Bizler bu gerici iktidarı yıkıp yerine proleter devrimci iktidarımızı kurma iddiasında olan insanlarız. İddiamız büyüktür. Her şeyden önce sınıf mücadelesinin teorisini ve bilimsel yasalarını kavramamız gerektiğini bilince çıkartmalıyız. Devrim bir alt-üst oluş eylemidir. Ve Marksizm-Leninizm-Maoizm bu eylemin kılavuzudur. Bu temel yasalar bizi mücadeleye bağlayan yasalardır. Bunları kavramadığımız müddetçe burjuva feodal sistemin gerici ideolojisinden etkilenmemek imkansızdır. Sistemin bu ideolojik bombardımanına ancak proletaryanın ideolojisiyle karşı koyabiliriz.
Devrime sadece boş zamanlarını değil tüm hayatını adayan insanlar yetiştirmek gerekir. Çünkü yaşamın merkezine sınıf mücadelesini koymayan kadro ve militanlar bu sistemin içerisinde kaybolup gider. Burjuva feodal sistemde edindiği ben merkeziyetçi, bireyci, bencil, her şeyi bilen, öğrenme ihtiyacı duymayan özellikler tüm yaşamına nüfuz eder. Ve her yanını zehirli otlar gibi sararak kendisine çıkış yolu bırakmaz. Çünkü birey toplumda ailesi, çevresi ve gerici sistemle sürekli olarak etkileşim halindedir.

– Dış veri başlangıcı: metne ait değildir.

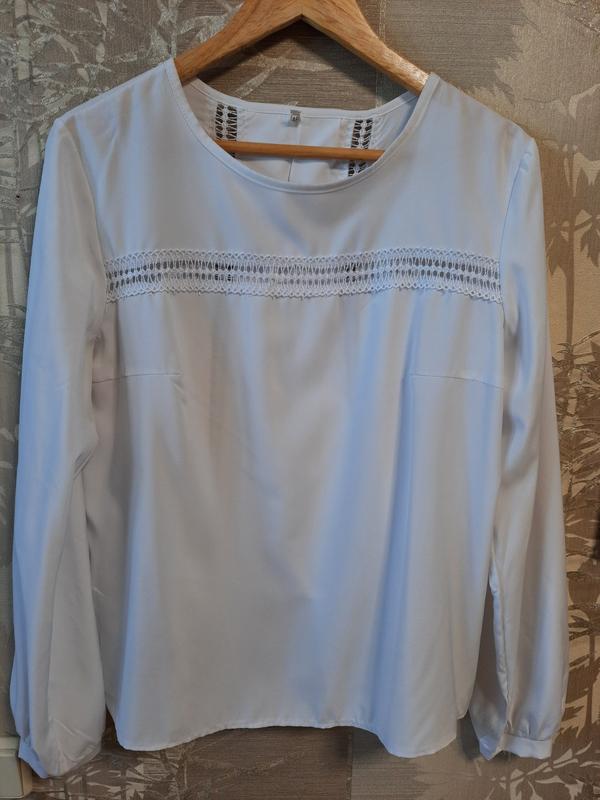 Біла сорочка в ідеальному стані з мереживними вставками на грудях та спинці ззаду красиві складки розмір 46-48

Doğallığında bu etkileşim bireyin kişiliğini şekillendirir. Fakat bu özellikler değişmez de değildir. İşte devrimci eğitimin önemi burada karşımıza çıkmaktadır. Bugün önümüzde duran en önemli görevlerden bir tanesi budur. Sistemi, yozlaşmayı, dejenerasyonu, bireyciliği ve bencilliği dayattığı topluma devrimci eğitim ve kültürü hakim kılmaktır. İşimiz zor ancak imkansız değildir.